Starting at the line below that contains "作为此次捐赠活动的组织者之一" and ending at the line that contains "Четвертьволновой грозоразрядник GR", retype each line exactly as it stands, but omit the pictures.

##############################

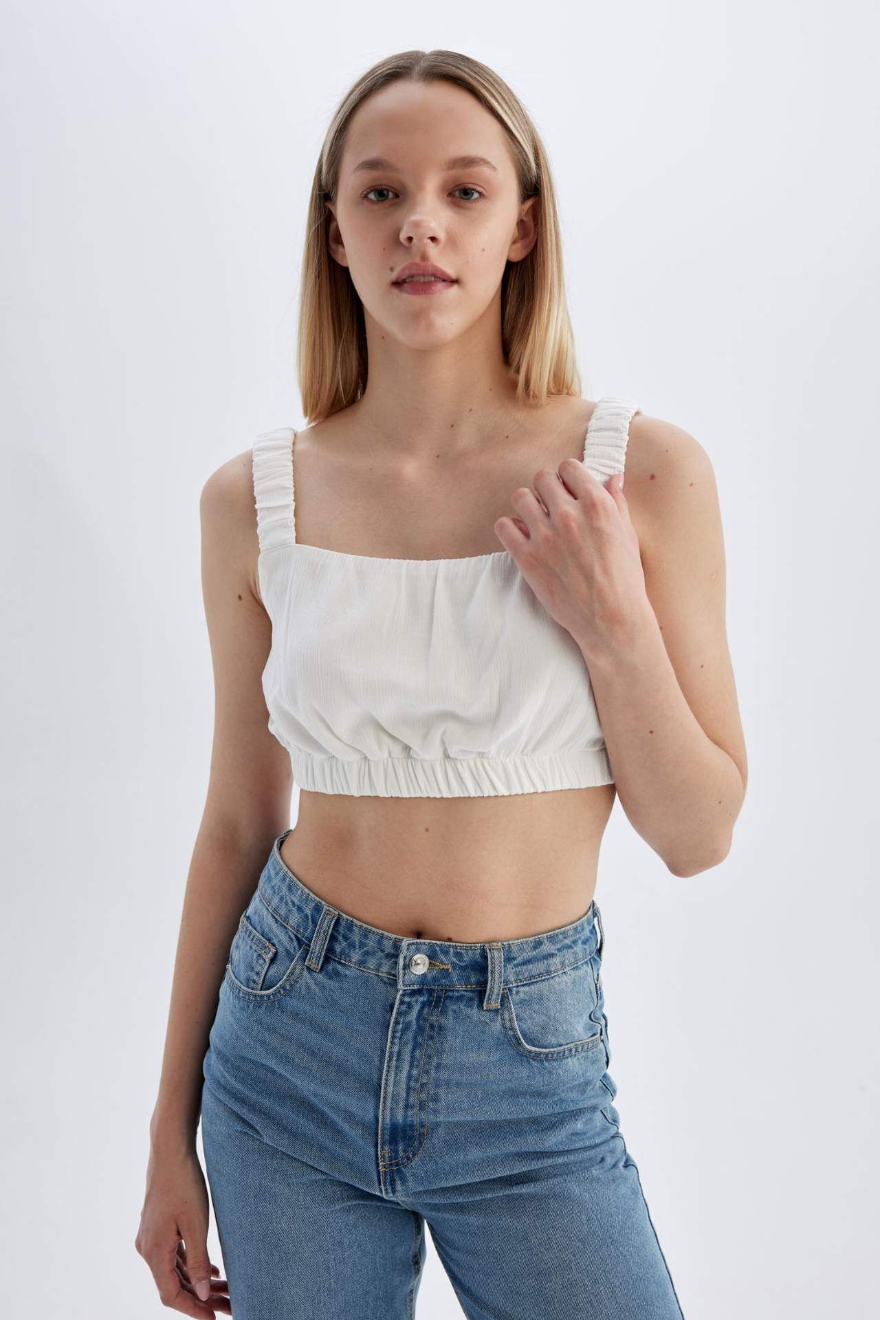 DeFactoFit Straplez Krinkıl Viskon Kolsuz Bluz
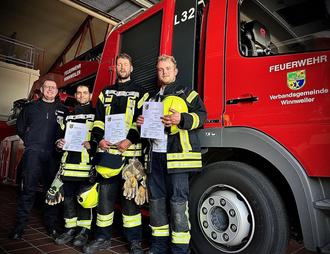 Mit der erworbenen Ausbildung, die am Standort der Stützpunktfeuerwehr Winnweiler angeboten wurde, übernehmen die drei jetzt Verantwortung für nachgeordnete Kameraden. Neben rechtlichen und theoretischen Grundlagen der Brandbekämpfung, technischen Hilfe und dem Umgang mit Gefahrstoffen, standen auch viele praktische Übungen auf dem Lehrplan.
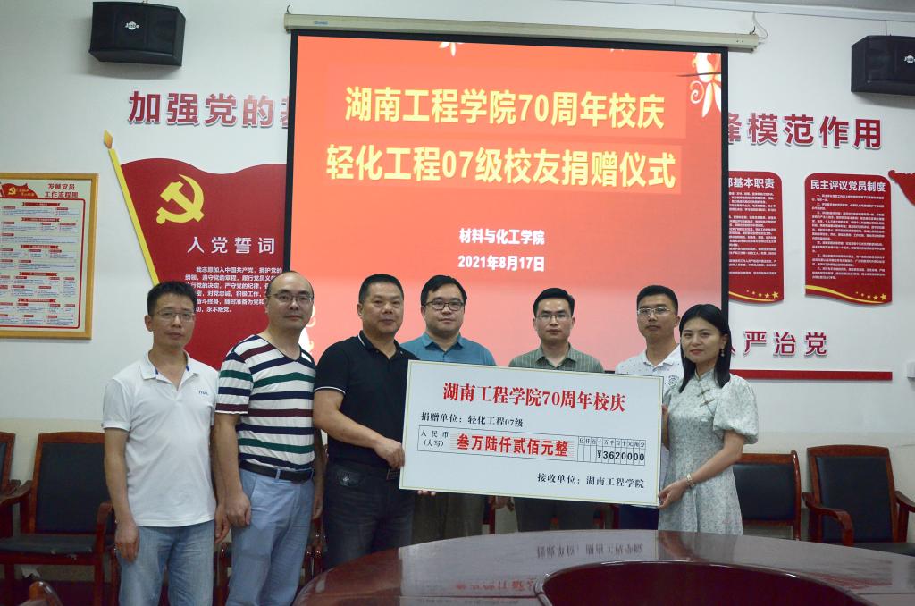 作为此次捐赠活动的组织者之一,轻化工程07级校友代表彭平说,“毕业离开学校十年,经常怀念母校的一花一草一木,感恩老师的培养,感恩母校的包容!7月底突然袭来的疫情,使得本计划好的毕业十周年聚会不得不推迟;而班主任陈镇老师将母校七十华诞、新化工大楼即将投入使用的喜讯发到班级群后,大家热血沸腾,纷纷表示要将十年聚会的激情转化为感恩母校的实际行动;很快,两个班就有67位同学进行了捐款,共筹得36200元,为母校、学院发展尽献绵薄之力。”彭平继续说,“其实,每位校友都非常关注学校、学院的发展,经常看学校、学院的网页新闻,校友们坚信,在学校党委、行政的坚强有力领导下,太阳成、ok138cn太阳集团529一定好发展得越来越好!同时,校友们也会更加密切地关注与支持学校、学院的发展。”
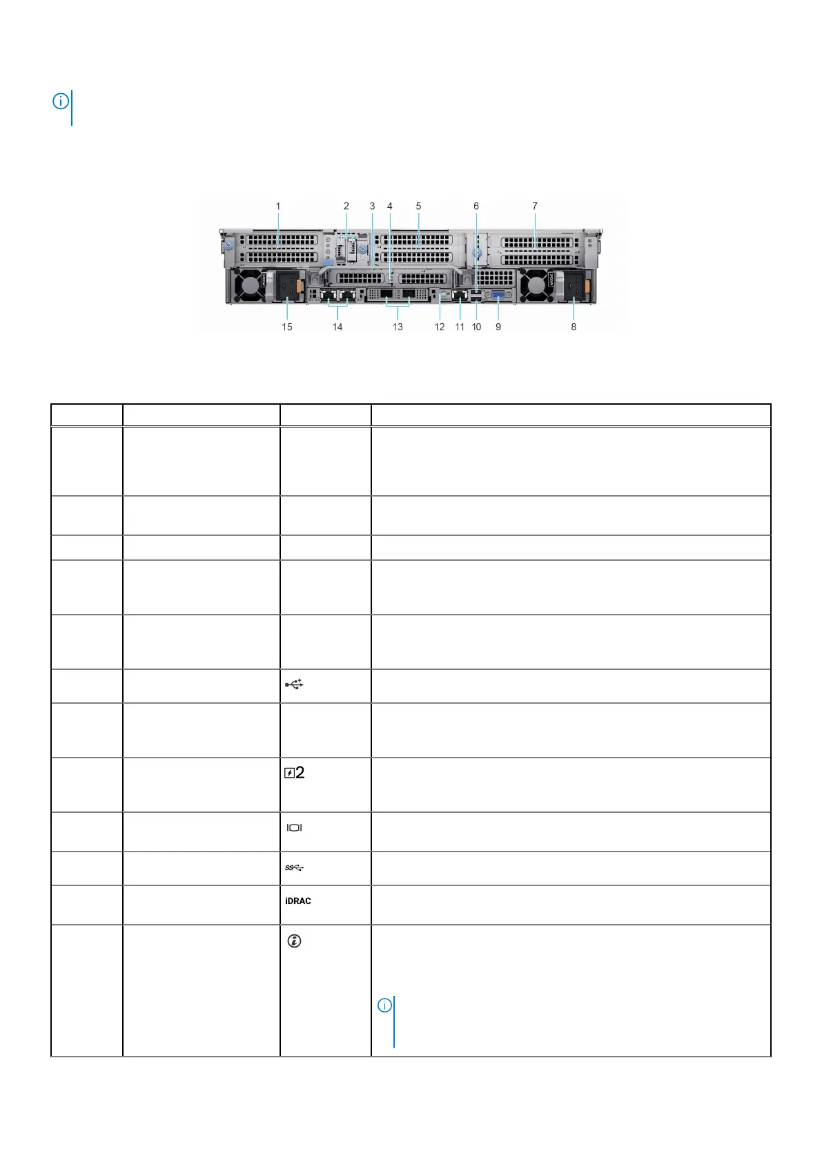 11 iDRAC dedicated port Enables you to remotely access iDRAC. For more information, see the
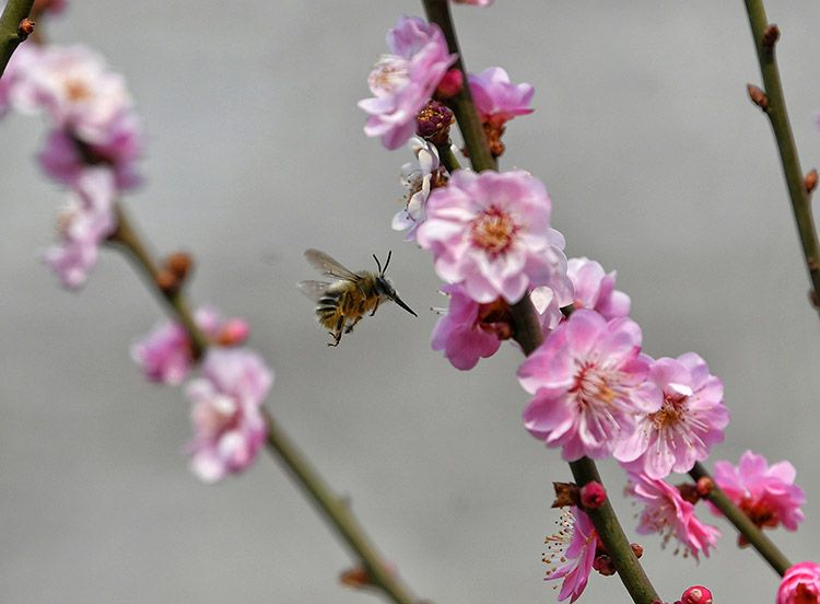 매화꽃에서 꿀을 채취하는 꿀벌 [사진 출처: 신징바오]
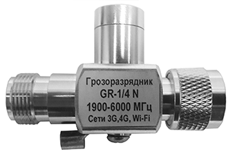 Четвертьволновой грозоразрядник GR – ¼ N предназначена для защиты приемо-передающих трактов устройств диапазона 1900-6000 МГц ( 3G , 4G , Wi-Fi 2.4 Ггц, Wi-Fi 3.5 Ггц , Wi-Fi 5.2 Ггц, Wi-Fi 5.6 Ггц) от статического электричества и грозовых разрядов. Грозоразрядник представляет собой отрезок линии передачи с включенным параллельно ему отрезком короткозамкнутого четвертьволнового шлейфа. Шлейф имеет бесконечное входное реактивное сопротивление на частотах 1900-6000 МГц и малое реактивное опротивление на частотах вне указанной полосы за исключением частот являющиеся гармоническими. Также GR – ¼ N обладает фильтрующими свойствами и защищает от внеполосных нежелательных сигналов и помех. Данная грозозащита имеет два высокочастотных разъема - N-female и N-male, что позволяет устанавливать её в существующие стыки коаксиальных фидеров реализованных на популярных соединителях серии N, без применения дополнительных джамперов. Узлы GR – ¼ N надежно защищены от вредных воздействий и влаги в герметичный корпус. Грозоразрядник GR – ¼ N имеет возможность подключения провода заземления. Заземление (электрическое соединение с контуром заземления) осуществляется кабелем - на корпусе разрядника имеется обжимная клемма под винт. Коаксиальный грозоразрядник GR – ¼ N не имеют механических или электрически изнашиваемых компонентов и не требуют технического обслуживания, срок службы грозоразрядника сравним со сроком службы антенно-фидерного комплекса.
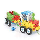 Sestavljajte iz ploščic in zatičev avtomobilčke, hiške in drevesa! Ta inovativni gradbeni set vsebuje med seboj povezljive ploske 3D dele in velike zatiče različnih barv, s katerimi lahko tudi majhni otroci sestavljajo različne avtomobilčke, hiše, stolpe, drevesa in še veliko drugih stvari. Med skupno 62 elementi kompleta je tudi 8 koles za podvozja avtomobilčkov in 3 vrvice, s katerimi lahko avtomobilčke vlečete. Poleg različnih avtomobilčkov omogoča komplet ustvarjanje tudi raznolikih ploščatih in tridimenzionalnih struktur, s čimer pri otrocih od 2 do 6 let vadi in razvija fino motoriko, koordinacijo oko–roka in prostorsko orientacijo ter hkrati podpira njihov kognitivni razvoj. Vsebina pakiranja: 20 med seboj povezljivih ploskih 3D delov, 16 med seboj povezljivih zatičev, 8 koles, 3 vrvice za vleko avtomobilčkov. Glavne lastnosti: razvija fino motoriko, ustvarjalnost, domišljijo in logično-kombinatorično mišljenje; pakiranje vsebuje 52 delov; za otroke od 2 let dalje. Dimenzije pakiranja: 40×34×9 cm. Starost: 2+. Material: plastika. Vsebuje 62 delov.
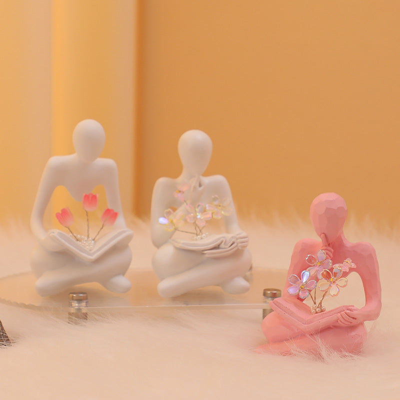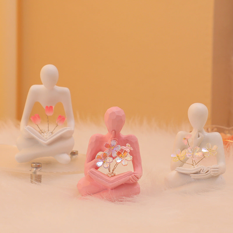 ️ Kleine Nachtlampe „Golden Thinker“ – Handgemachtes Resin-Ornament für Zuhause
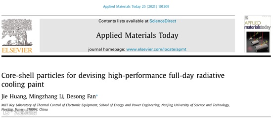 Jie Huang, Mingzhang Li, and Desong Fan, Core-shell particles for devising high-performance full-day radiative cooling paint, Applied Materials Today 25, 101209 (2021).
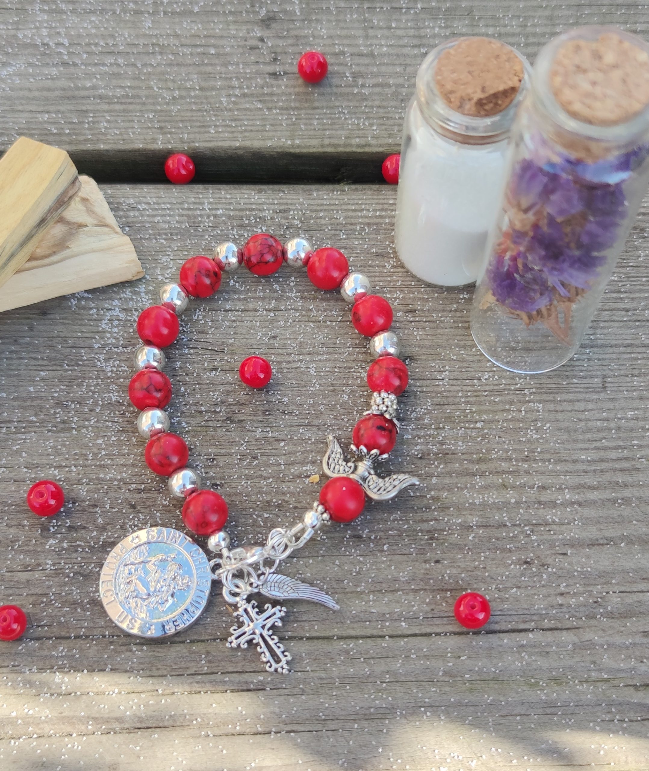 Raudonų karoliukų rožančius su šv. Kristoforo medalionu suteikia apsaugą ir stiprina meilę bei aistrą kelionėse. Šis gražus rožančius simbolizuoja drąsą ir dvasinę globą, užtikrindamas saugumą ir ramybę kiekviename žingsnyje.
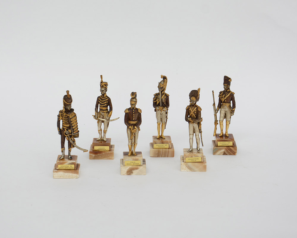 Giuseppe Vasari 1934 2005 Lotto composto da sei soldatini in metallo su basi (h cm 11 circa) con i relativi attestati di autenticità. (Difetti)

##############################

# [Answer box]
 作为此次捐赠活动的组织者之一,轻化工程07级校友代表彭平说,“毕业离开学校十年,经常怀念母校的一花一草一木,感恩老师的培养,感恩母校的包容!7月底突然袭来的疫情,使得本计划好的毕业十周年聚会不得不推迟;而班主任陈镇老师将母校七十华诞、新化工大楼即将投入使用的喜讯发到班级群后,大家热血沸腾,纷纷表示要将十年聚会的激情转化为感恩母校的实际行动;很快,两个班就有67位同学进行了捐款,共筹得36200元,为母校、学院发展尽献绵薄之力。”彭平继续说,“其实,每位校友都非常关注学校、学院的发展,经常看学校、学院的网页新闻,校友们坚信,在学校党委、行政的坚强有力领导下,太阳成、ok138cn太阳集团529一定好发展得越来越好!同时,校友们也会更加密切地关注与支持学校、学院的发展。”
 11 iDRAC dedicated port Enables you to remotely access iDRAC. For more information, see the
 매화꽃에서 꿀을 채취하는 꿀벌 [사진 출처: 신징바오]
 Четвертьволновой грозоразрядник GR – ¼ N предназначена для защиты приемо-передающих трактов устройств диапазона 1900-6000 МГц ( 3G , 4G , Wi-Fi 2.4 Ггц, Wi-Fi 3.5 Ггц , Wi-Fi 5.2 Ггц, Wi-Fi 5.6 Ггц) от статического электричества и грозовых разрядов. Грозоразрядник представляет собой отрезок линии передачи с включенным параллельно ему отрезком короткозамкнутого четвертьволнового шлейфа. Шлейф имеет бесконечное входное реактивное сопротивление на частотах 1900-6000 МГц и малое реактивное опротивление на частотах вне указанной полосы за исключением частот являющиеся гармоническими. Также GR – ¼ N обладает фильтрующими свойствами и защищает от внеполосных нежелательных сигналов и помех. Данная грозозащита имеет два высокочастотных разъема - N-female и N-male, что позволяет устанавливать её в существующие стыки коаксиальных фидеров реализованных на популярных соединителях серии N, без применения дополнительных джамперов. Узлы GR – ¼ N надежно защищены от вредных воздействий и влаги в герметичный корпус. Грозоразрядник GR – ¼ N имеет возможность подключения провода заземления. Заземление (электрическое соединение с контуром заземления) осуществляется кабелем - на корпусе разрядника имеется обжимная клемма под винт. Коаксиальный грозоразрядник GR – ¼ N не имеют механических или электрически изнашиваемых компонентов и не требуют технического обслуживания, срок службы грозоразрядника сравним со сроком службы антенно-фидерного комплекса.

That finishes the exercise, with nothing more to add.